• _Work order_
Down to the last line, set down the material below exactly, excluding pictures.
================================
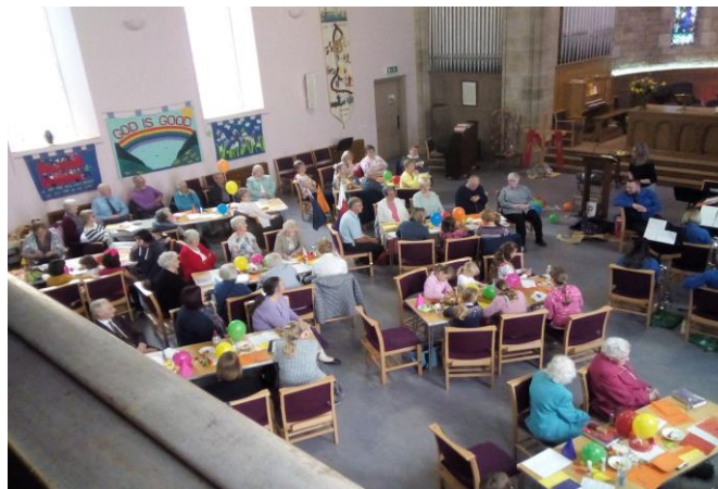
Pentecost celebrations in Aberlour Church 2017

Special services take place during Holy Week, Christmas, Thinking Day, Remembrance Sunday, Guild Week, Christian Aid Week, Holiday Club, Harvest and at Pentecost. Along with other local churches, Aberlour Parish Church also provides services and pastoral care at the local residential home on a regular basis.
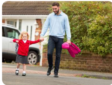
Family support, parenting and parental conflict
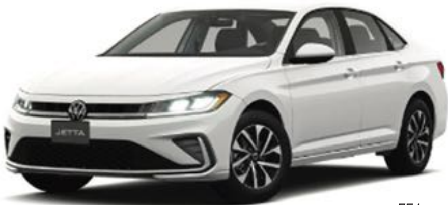
774 3 TO CHOOSE FROM
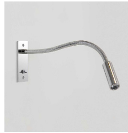
CODE: 1295001 FINISH: POLISHED CHROME
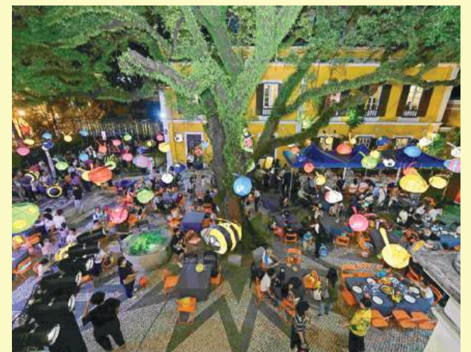
This undated handout photo provided by CAC – Círculo dos Amigos da Cultura de Macau yesterday shows a previous Chinese New Year celebration party taking place at Albergue SCM on Calçada da Igreja de S. Lázaro (瘋堂斜巷).

***According to Wikipedia, A frog or pankou (盤扣;), also called Chinese frog closure and decorative toggle is a type of ornamental garment closure. Made from braiding, cord, fabric, or covered wire, they consist of a decorative knot button (a Chinese button knot for a traditional Chinese style) and a loop. Its purpose is to fasten garments while providing a decorative element on the clothing. It can be used to fasten openings edge-to-edge, avoiding an overlap. It is especially used on the cheongsam, where the pankou represents the cultural essence of the dress.
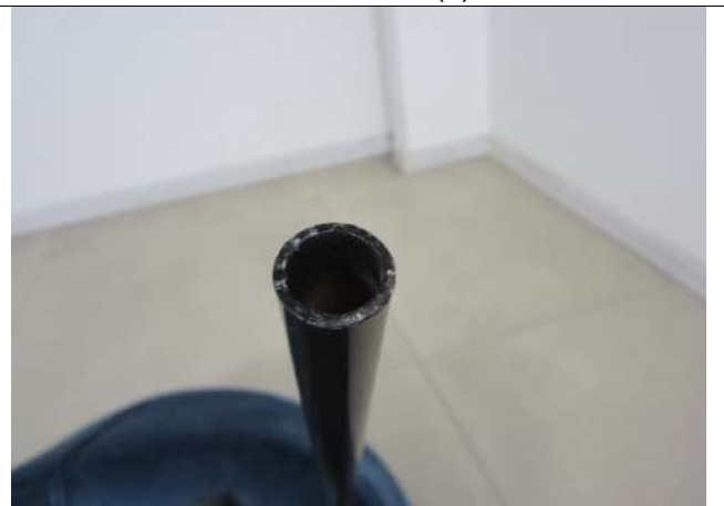
Item CH2156A (10)
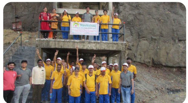
At Firangai Devi, for our monthly trekking
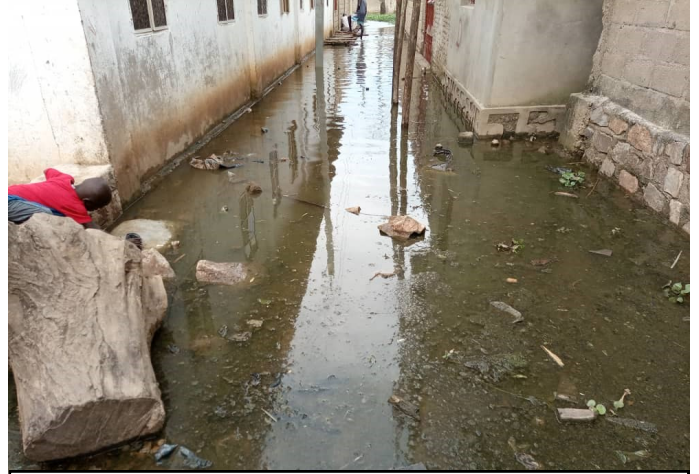
Kimanga church needs $3,815 to protect their property

Another urgent need is for the Kimanga church which is the mother church of Congo for
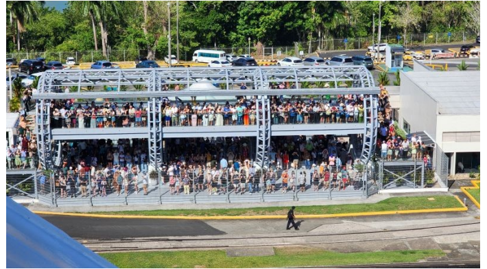
Viewing Platform for the canal.
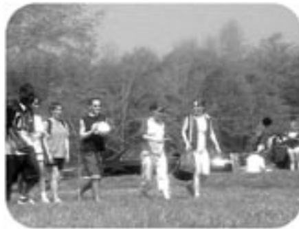
VO: "Last weekend was great!"
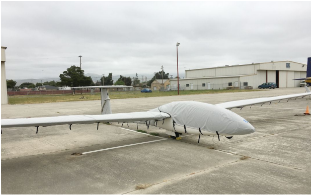
DG-505 Canopy/Nose, Wing, Empennage & Horiz. Stab. Covers

the hottest of days. It is water, ice and snow repellent, yet breathable to allow moisture to escape from between the cover and the aircraft surface.
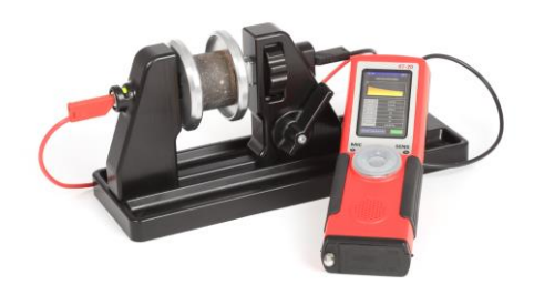
IP/Resistivity Module with Small Sample Holder
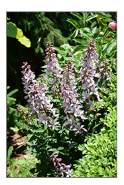
White Gas Plant flowers

This is a relatively low maintenance plant, and is best cleaned up in early spring before it resumes active growth for the season. Deer don't particularly care for this plant and will usually leave it alone in favor of tastier treats. It has no significant negative characteristics.
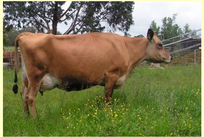
SEVEN HILLS SLEEPING BEAUTY 11 VHC 92 SIRE: SEVEN HILLS RED ISLE
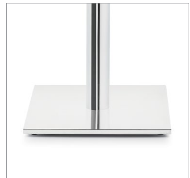
1/2" thick steel square and round metal bases
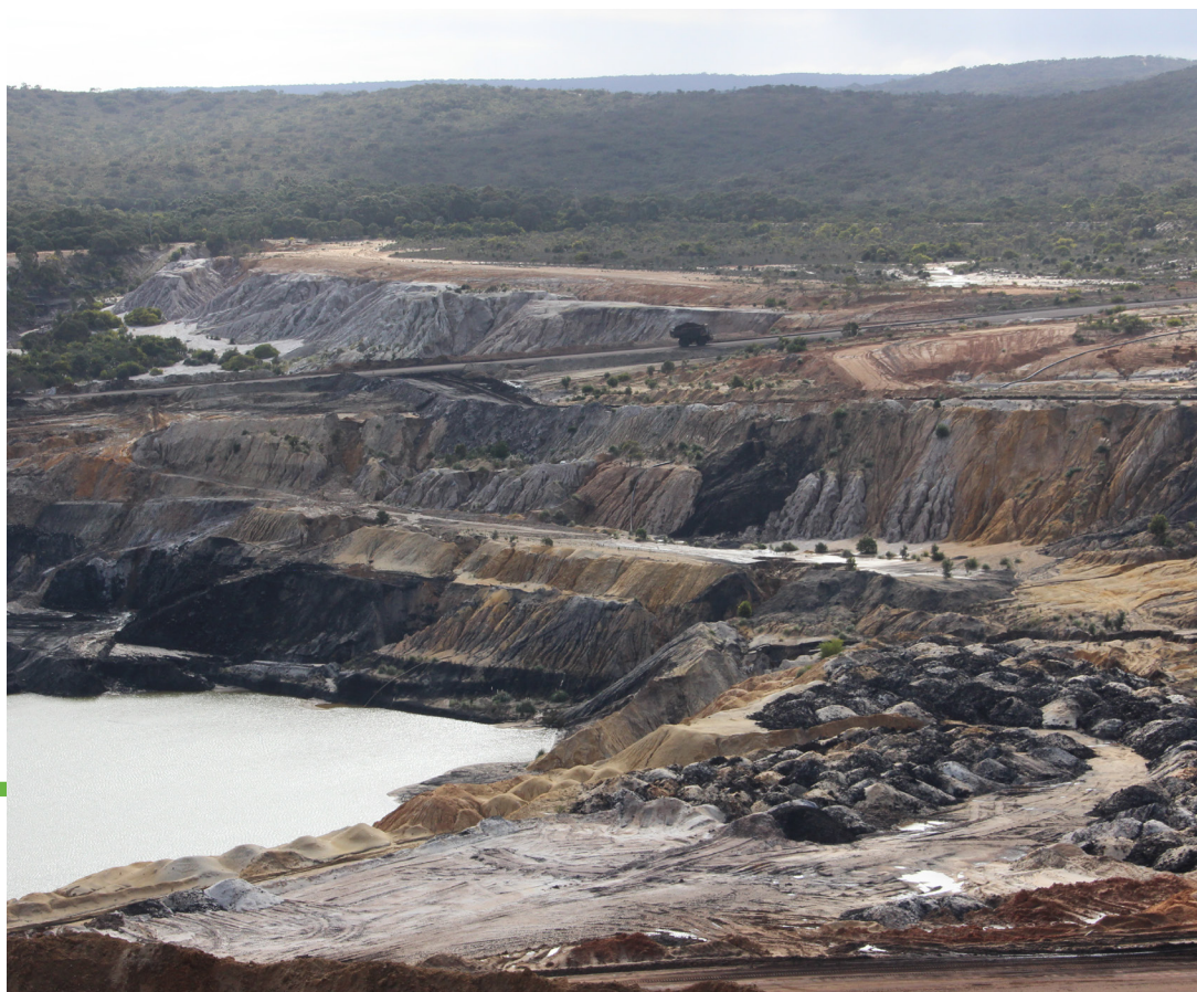
The ALCOA Anglesea open-cut coal mine extracts exclusively brown coal, which is used to generate energy at the nearby power station.

Australia sits upon a throne of coal. The nation's brown and black coal industries bring immense wealth through the exportation and industrial uses of coal, as well as the jobs it creates. Although Australia benefits from coal economically, it is also hurt by it environmentally. Coal combustion, extraction, and transportation have far-reaching impacts. For example, these processes result in pollution, greenhouse gas emissions, and reduction of biodiversity through coral bleaching. Despite outcry from the public, the Australian Liberal National Party under Tony Abbott's administration does little to mitigate these industrial harms, as they fear economic ruin if the country chooses to divest from coal. Economic ruin, however, is avoidable, as long as Abbott's administration seeks alternative options to coal, such as solar energy and liquefied natural gas.
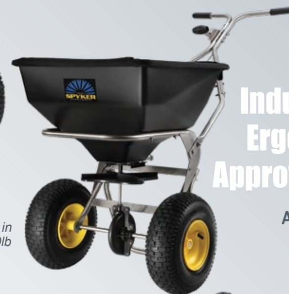
Available in 80lb & 50lb

New Hi-Visibility Ice Melt Spreader with a Stainless Steel Carving Blade
================================
• _Written response_
Pentecost celebrations in Aberlour Church 2017

Special services take place during Holy Week, Christmas, Thinking Day, Remembrance Sunday, Guild Week, Christian Aid Week, Holiday Club, Harvest and at Pentecost. Along with other local churches, Aberlour Parish Church also provides services and pastoral care at the local residential home on a regular basis.
Family support, parenting and parental conflict
774 3 TO CHOOSE FROM
CODE: 1295001 FINISH: POLISHED CHROME
This undated handout photo provided by CAC – Círculo dos Amigos da Cultura de Macau yesterday shows a previous Chinese New Year celebration party taking place at Albergue SCM on Calçada da Igreja de S. Lázaro (瘋堂斜巷).

***According to Wikipedia, A frog or pankou (盤扣;), also called Chinese frog closure and decorative toggle is a type of ornamental garment closure. Made from braiding, cord, fabric, or covered wire, they consist of a decorative knot button (a Chinese button knot for a traditional Chinese style) and a loop. Its purpose is to fasten garments while providing a decorative element on the clothing. It can be used to fasten openings edge-to-edge, avoiding an overlap. It is especially used on the cheongsam, where the pankou represents the cultural essence of the dress.
Item CH2156A (10)
At Firangai Devi, for our monthly trekking
Kimanga church needs $3,815 to protect their property

Another urgent need is for the Kimanga church which is the mother church of Congo for
Viewing Platform for the canal.
VO: "Last weekend was great!"
DG-505 Canopy/Nose, Wing, Empennage & Horiz. Stab. Covers

the hottest of days. It is water, ice and snow repellent, yet breathable to allow moisture to escape from between the cover and the aircraft surface.
IP/Resistivity Module with Small Sample Holder
White Gas Plant flowers

This is a relatively low maintenance plant, and is best cleaned up in early spring before it resumes active growth for the season. Deer don't particularly care for this plant and will usually leave it alone in favor of tastier treats. It has no significant negative characteristics.
SEVEN HILLS SLEEPING BEAUTY 11 VHC 92 SIRE: SEVEN HILLS RED ISLE
1/2" thick steel square and round metal bases
The ALCOA Anglesea open-cut coal mine extracts exclusively brown coal, which is used to generate energy at the nearby power station.

Australia sits upon a throne of coal. The nation's brown and black coal industries bring immense wealth through the exportation and industrial uses of coal, as well as the jobs it creates. Although Australia benefits from coal economically, it is also hurt by it environmentally. Coal combustion, extraction, and transportation have far-reaching impacts. For example, these processes result in pollution, greenhouse gas emissions, and reduction of biodiversity through coral bleaching. Despite outcry from the public, the Australian Liberal National Party under Tony Abbott's administration does little to mitigate these industrial harms, as they fear economic ruin if the country chooses to divest from coal. Economic ruin, however, is avoidable, as long as Abbott's administration seeks alternative options to coal, such as solar energy and liquefied natural gas.
Available in 80lb & 50lb

New Hi-Visibility Ice Melt Spreader with a Stainless Steel Carving Blade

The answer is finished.